Book can be found at:

Mesopotamia by David M. Kiely

I was searching on for books to do with Armenians to put on my kindle and was looking for something that was more like a novel as opposed to a classical history fact book. What I came across was a book written by David M. Kiely called Mesopotamia. I was curious to the contents of course and found myself reading the 1st couple of chapters from the excerpt online, wondering in what manner the Armenians would be referred to. Initially, I didn’t find any mention of Armenians, but constant referrals to the year 1915. I decided to buy the book and give it a try anyhow. While reading, I can say I was completely delighted with the information it conveyed and seamlessly it tied in the multiple storylines.

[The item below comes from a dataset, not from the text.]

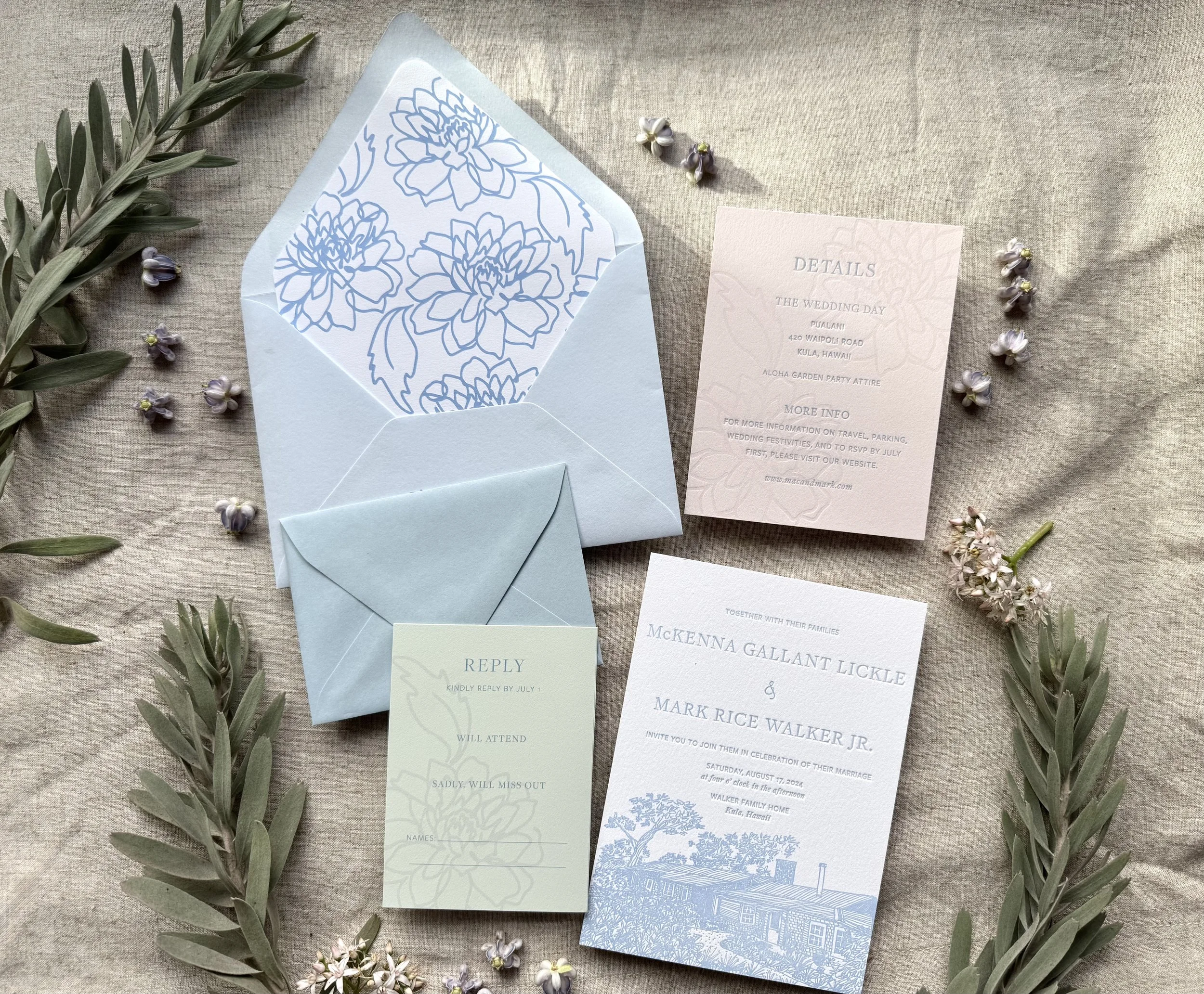 Design Details: This custom letterpress wedding invitation suite was inspired by a hand-drawn venue illustration created by the groomโ€™s mother. The bride is very eco conscious, and wanted to use as much tree-free paper as possible, so the invitation, details card, and envelope liners are all letterpress printed on cotton paper. We incorporated delicate floral and botanical line art to complement the garden party wedding theme, tying everything together with a soft pastel color palette.

The plot consists of multiple facets, from the psychology of a war veteran who was forced to endure torture by the Turks to the love triangle that transcends the classes of the time to the detailed descriptions of the multitude of war crimes and atrocities happening at the same time the Armenians and Assyrians are nearly wiped out to the betrayals and murder that run rampant and are always directly connected to the government and politics. It is without a doubt one of the better novels I have read that wholly encompasses all that is happening between 1914 and 1921, from the salons of Paris to the deserts of ancient Sumeria, from the creation of Iraq to the political intrigues of Turkey. Don’t expect a happily ever after but do expect a very detailed and engrossing tale about a British Officer’s journey for vengeance and justice.